Ia mengkritik pola penegakan aturan yang tidak konsisten, yang membuat PKL kembali berjualan di pinggir jalan setelah razia selesai. “Kalau sehari razia, tapi seminggu dibiarkan, ya mereka akan pasang balik lagi,” ujarnya
Dalam analisanya, beberapa alasan mendasar mengapa PKL enggan masuk ke dalam gedung pasar yang telah disediakan. Seperti faktor ekonomi, banyak PKL tidak mampu membayar sewa di dalam pasar.
“Omzet mereka kan tak besar, keuntungan juga tidak besar. Kalau mereka merasa diberatkan dengan sewa, mereka memilih, ‘Ah, lebih baiklah di pinggir jalan saja’,” jelasnya
Disamping itu, Faktor krusial lainnya adalah kondisi pasar di dalam yang tidak representatif.

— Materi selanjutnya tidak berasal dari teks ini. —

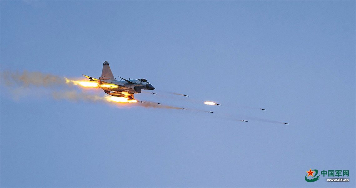 实弹射击训练展开后,战机很快进入攻击航线。飞行员根据风向、风速等要素不断修正航行诸元,寻找最佳攻击角度和时机。在瞄准目标的瞬间,飞行员果断按下发射按钮,火箭弹拖着尾焰直扑目标。
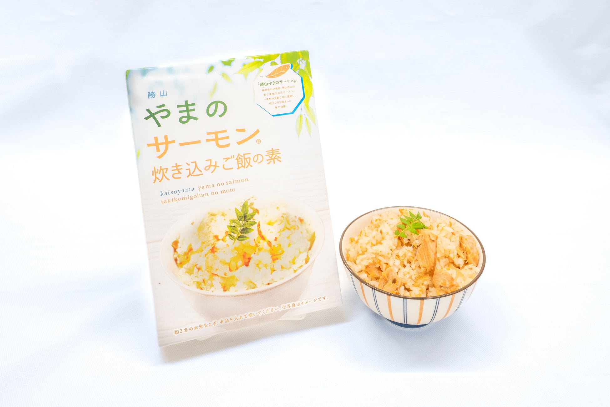 今回販売する「勝山 やまのサーモン炊き込みご飯の素」は、ご家庭で手軽に「勝山 やまのサーモン」を楽しんでいただくために開発した商品です。本品1袋とお米3合を炊飯器に入れ、炊くだけで、サーモンのうまみが詰まった炊き込みご飯が完成します。

Revitalisasi dinilai belum berhasil membuat konsumen dan pedagang nyaman.
Terpisah, pengamat ekonomi Jambi Dr. Noviardi Ferzi menyatakan kondisi Pasar Talang Banjar saat ini menunjukkan ketidakteraturan tata kelola yang nyata. Banyak lapak di dalam pasar kosong, sementara Pedagang Kaki Lima (PKL) memilih berjualan di luar, tepatnya di pinggir jalan raya.
Akibatnya, kemacetan dan kesemrawutan tak terhindarkan di kawasan sekitar. Situasi ini jelas mengindikasikan lemahnya pengawasan dan sistem pengelolaan pasar yang belum profesional
Pemerintah Kota Jambi memang telah berupaya mengambil tindakan, mulai dari memberikan batas waktu bagi PKL untuk pindah ke dalam pasar hingga melakukan penertiban dan pembongkaran paksa lapak di pinggir jalan.
“Langkah penertiban ini, harus didukung oleh Pemerintah Provinsi Jambi, karena penting untuk menjaga ketertiban dan kenyamanan publik serta menata kota agar lebih rapi.
Namun, penertiban semata tidak akan cukup dan hanya bersifat sementara, sebab PKL akan kembali lagi jika tidak ada solusi yang permanen, “sebutnya.
Masih kata Noviardi, diperlukan solusi jangka panjang, seperti pembangunan trotoar, penataan area pedagang di dalam pasar agar lebih menarik dan aman, serta sistem pengelolaan yang melibatkan pedagang. Upaya-upaya ini sangat krusial agar PKL terdorong memilih berjualan di kios yang disediakan tanpa mengganggu ruang publik.
“Oleh karena itu, Walikota harus mengambil ketegasan yang jelas dan tegas. Pertama, melaksanakan penertiban secara konsisten, termasuk pembongkaran paksa jika PKL tetap bandel berjualan di pinggir jalan, “sebutnya.
Lalu, merapikan dan menata ulang Pasar Talang Banjar secara menyeluruh sehingga kios yang disediakan menjadi menarik, aman, dan memiliki fasilitas yang memadai bagi pedagang.
Akademisi STIE Jambi ini berpandangan agar Walikota juga wajib menekankan pentingnya sinergi yang kuat antara seluruh Organisasi Perangkat Daerah (OPD) terkait, Satuan Polisi Pamong Praja (Satpol PP), serta unsur TNI/Polri.
“Sinergi ini dibutuhkan untuk memastikan penertiban dan pengawasan pasar serta PKL berjalan ketat dan terhindar dari kekacauan seperti yang terjadi saat ini, ” sebutnya.